Some concerns were raised last December and January about data on how easy it is for unilingual English staff to get hired in Quebec businesses. Everyone who is familiar with the statistics knows that this was not a serious study and it was undertaken mostly just to stir up trouble without really improving our understanding of the linguistic situation.

We also need to know that the situation in Montreal is not evolving in a vacuum. Every day some 270,000 people from the northern and southern suburbs of Montreal, most of them francophones, cross the bridges to go and work on the island. Nine out of ten of them use French at work: 73% most often and another 16% regularly. Under the circumstances, there is no reason to fear the worst, especially as the data show that the use of French in Montreal has remained stable.

In Canada as a whole, because of immigration, we see the same linguistic diversification and reduction in the proportion of people with English as a mother tongue. Given the importance of English in the world, it is hardly surprising that this is a consequence of our very necessary immigration.

The second good reason to oppose this bill is equally important, because it touches on a deeply Canadian value. It concerns the equal status of French and English, and the federal government's commitment to enhance the vitality of the English and French minorities in Canada. Our government can never overstate the importance of this principle of the equality of the two official languages.

With this bill, the Bloc Québécois is suggesting that the federal government poses a threat to the French fact in Canada, although nothing could be further from the truth.

Yet again, the Bloc proposes a backward-looking vision, where the knowledge of one language is necessarily a threat to another. Through its official language policies, the government encourages not only francophone minorities, but also all Canadians, to learn French. That is why we now have a record number of Canadians who are able to speak both official languages. The government supports the French fact everywhere in Canada and provides particular support to the minority francophone communities. There are a million of these francophones in Canada. This reality opens the gates to the international Francophonie.

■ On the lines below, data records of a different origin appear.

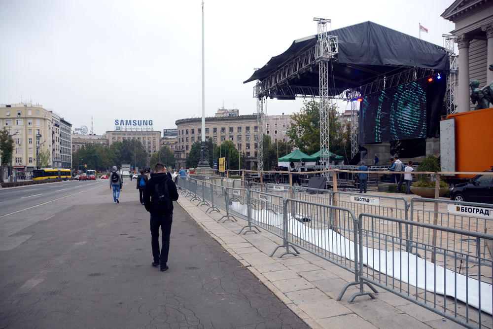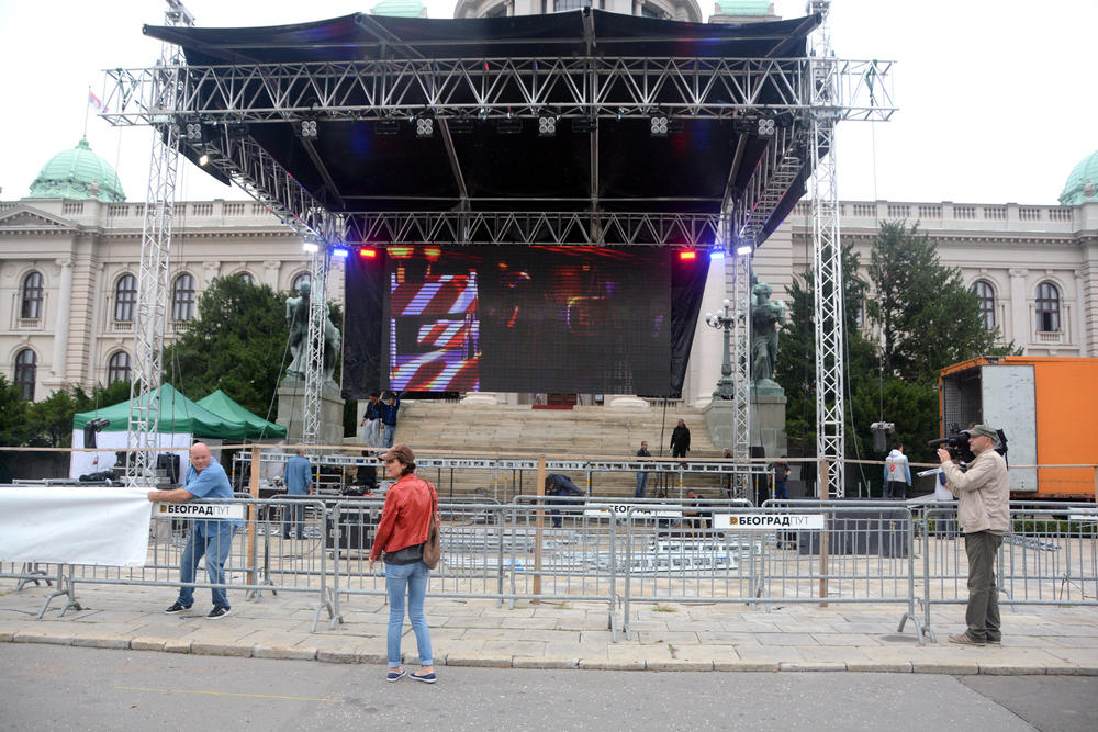 Radovi na postavljanju bine na koju će izaći naši momci i devojke koji su nas toliko obradovali prethodnih dana, uveliko traju, a naš fotoreporter je snimio nekoliko fotografija par sati pre početka.
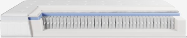 Dušek sa multidžepićastim oprugama (520/m²), podeljen na 7 zona udobnosti koje pružaju jedinstvenu, ergonomski pravilnu potporu. Dušek je ispunjen hladnom i polieterskom penom. Navlaka sa rashlađujućim polietilenom sa jedne strane, koji ima trenutni rashlađujući efekat. Navlaka je gusto prošivena memorijskom penom koja ublažava pritisak na telo. Visina: 28 cm. 90x190 cm
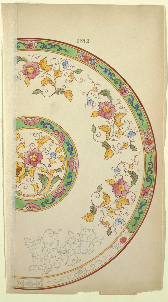 Drawing, Design for a Plate; Made for Noritake; Japan; brush and watercolor, pen and brown ink, graphite on cream paper; 29 x 16.3 cm (11 7/16 x 6 7/16 in.) Mat: 35.7 x 45.8 cm (14 1/16 x 18 1/16 in.); 1985-14-11
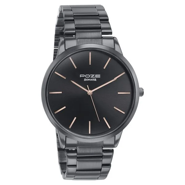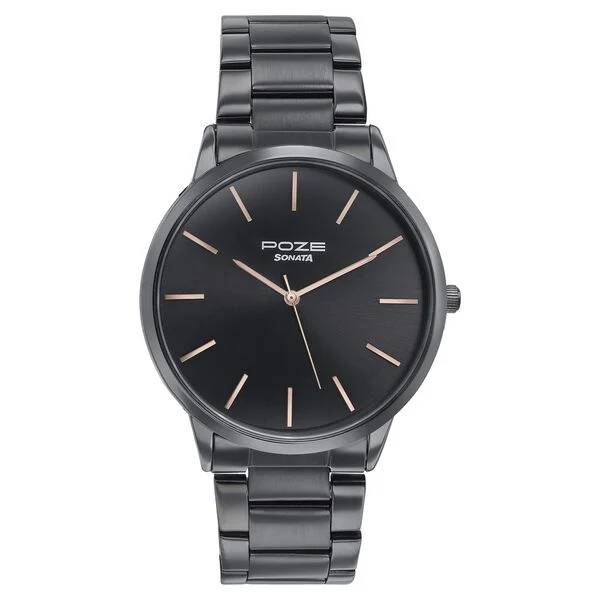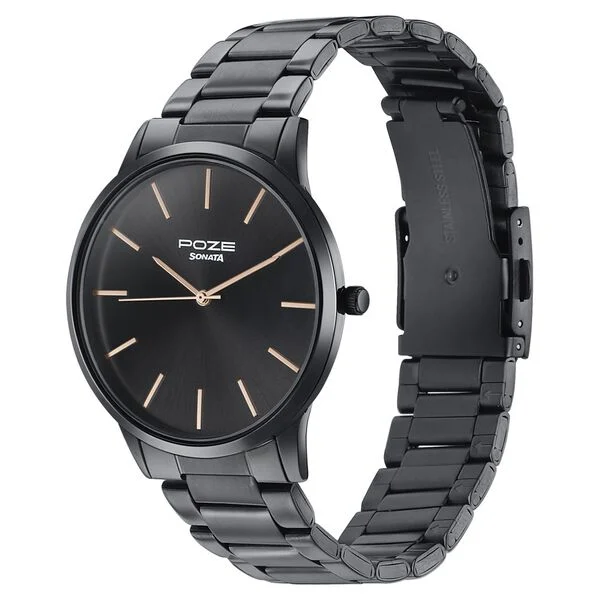 Sonata Poze Quartz Analog Black Dial Black Color Stainless Steel Strap Watch For Men
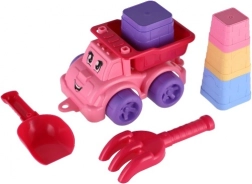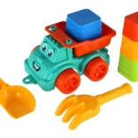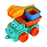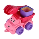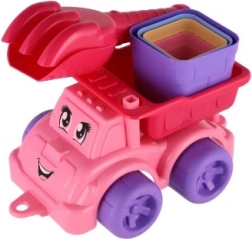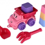Petite voiture en plastique colorée avec une expression joyeuse, parfaite pour transporter le sable et stimuler l'imagination des enfants.
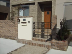 塗仕上げの壁にレンガの笠木を組み合わせて明るく柔らかいデザインにしました。 花壇も作ったのでガーデニングも楽しめますね。
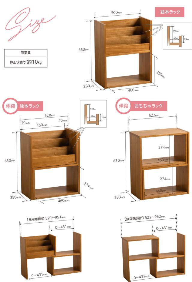【伸縮】絵本ラック:W520×D280×H630mm(閉じた状態)
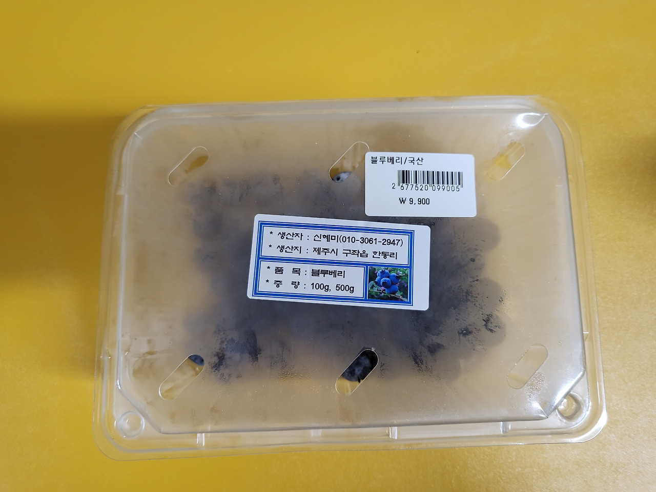 또 삼천포로 빠졌다. 제주도 농장으로 돌아가세. 나는 농장에서 블루베리를 사지 못한 것이 아쉬웠지만 실망하기엔 일렀다. 하나로마트에서 제주산 블루베리를 파니까. 그것도 옆 동네 한동리 산. 이거야말로 찐 로컬푸드 아닌가. 블루베리 500g의 가격이 만 오천 원에서 만 원으로 다시 칠천 원으로 떨어졌다. 그러다 도로 만 원에 정착했다.

This year, the 400th anniversary of the founding of Quebec City, some important international Francophonie events will be held. Quebec City will host the next Sommet de la Francophonie from October 17 to 19, 2008. It is no coincidence that francophone heads of state and government are turning to Canada to hold their discussions. Canada is a beacon of support for the dissemination and promotion of the French language.

Canada is proud to be a partner in the celebrations, which highlight an important chapter of our history. We want the 400th anniversary of Quebec City to be a celebration all Canadians will remember. It is a great opportunity to celebrate the event, the francophone presence in the Americas, and the vitality of the French fact.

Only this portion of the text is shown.